Никто не спит, стр. 9

8

Отец весь день был дома. В квартире пахнет хвойным мылом, ковры чуть прохладные — проветривались на стылом весеннем воздухе. Из радиоприемника тихо доносится «Настал конец зиме», через открытое окно слышны звуки моторов во дворе. Я давно подозревал, а теперь убедился: в этом районе живут стиляги, которые носят ковбойские сапоги и джинсовые жилеты; теперь вот они, видимо, выползли из нор, чтобы аккурат к Вальборгу нагрузить свои крутые тачки банками и бутылками пива.

Отец и в моей комнате уборку сделал. Не думаю, что он рылся в вещах, но коробку на всякий случай проверяю. Крошечный кусочек бумаги, который я засунул под край крышки, на месте.

Возвращаюсь на кухню, к радио. За открытым окном зреет светлое, легкое чувство, луч… надежды.

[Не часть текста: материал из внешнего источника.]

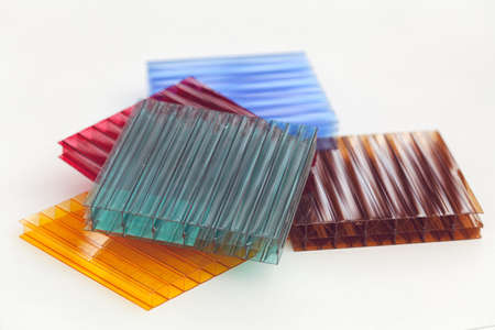 Lexan samples in different colors on a white background, note shallow depth of field

Как после дождя, когда краски кажутся ярче и становится легче дышать.

Тачки стиляг на холостом ходу, готовые умчаться навстречу весне, запах хвойного мыла, «Настал конец зиме» в исполнении какого-то студенческого хора — от всего этого хорошо на душе. Даже план поехать в город с Тоббе и его двоюродным братом мне уже нравится.

Отец сегодня другой. Его лицо будто разгладилось. Он надел новый джемпер и больше не предлагает мне сходить посмотреть на Вальборгский костер.

— Как насчет пиццы?

И с голосом что-то: новые нотки, интонации.

— Идет.

— Сгоняешь? Я пока салат сделаю.

Только не надо думать, что мы питаемся исключительно пиццей и прочим фастфудом. Отец и сын, брошенные на произвол судьбы. Все не так. Отец, конечно, не шеф-повар, но готовить умеет. Готовит еду, которую оценили бы и авторы кулинарных книг, достаточно питательную и полезную, иногда скучноватую. Но все-таки он готовит. И это как будто гонит прочь и удерживает на безопасном расстоянии то самое, о чем мы не говорим. Мы сидим за столом, едим, и жизнь кажется не такой ужасной.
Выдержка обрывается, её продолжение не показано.